All of the listing, from first line to last, should be output exactly; the pictures stay out.

▸ **Recorded information**
----

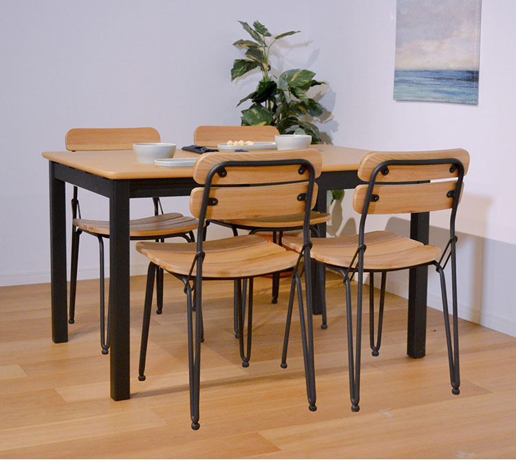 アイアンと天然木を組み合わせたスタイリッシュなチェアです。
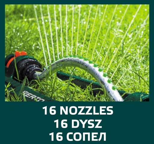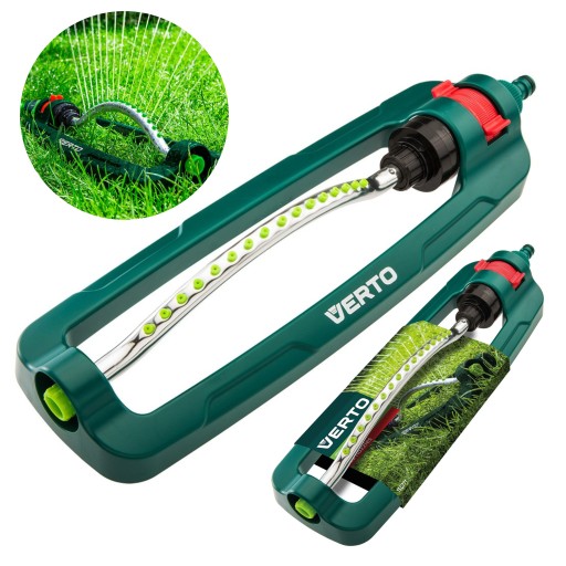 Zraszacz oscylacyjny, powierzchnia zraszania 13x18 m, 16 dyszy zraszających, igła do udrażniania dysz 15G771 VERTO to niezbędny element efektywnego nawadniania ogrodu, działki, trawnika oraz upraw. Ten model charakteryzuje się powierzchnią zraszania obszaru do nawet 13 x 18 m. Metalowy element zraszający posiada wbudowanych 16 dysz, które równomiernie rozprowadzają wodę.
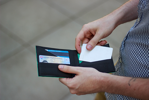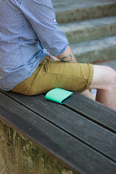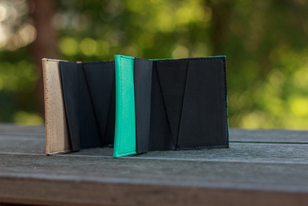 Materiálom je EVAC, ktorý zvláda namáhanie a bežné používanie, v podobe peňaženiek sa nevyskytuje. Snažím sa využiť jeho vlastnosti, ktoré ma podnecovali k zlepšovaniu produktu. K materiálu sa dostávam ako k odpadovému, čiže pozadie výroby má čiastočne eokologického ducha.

----

▸ **Task answer**
 アイアンと天然木を組み合わせたスタイリッシュなチェアです。
 Zraszacz oscylacyjny, powierzchnia zraszania 13x18 m, 16 dyszy zraszających, igła do udrażniania dysz 15G771 VERTO to niezbędny element efektywnego nawadniania ogrodu, działki, trawnika oraz upraw. Ten model charakteryzuje się powierzchnią zraszania obszaru do nawet 13 x 18 m. Metalowy element zraszający posiada wbudowanych 16 dysz, które równomiernie rozprowadzają wodę.
 Materiálom je EVAC, ktorý zvláda namáhanie a bežné používanie, v podobe peňaženiek sa nevyskytuje. Snažím sa využiť jeho vlastnosti, ktoré ma podnecovali k zlepšovaniu produktu. K materiálu sa dostávam ako k odpadovému, čiže pozadie výroby má čiastočne eokologického ducha.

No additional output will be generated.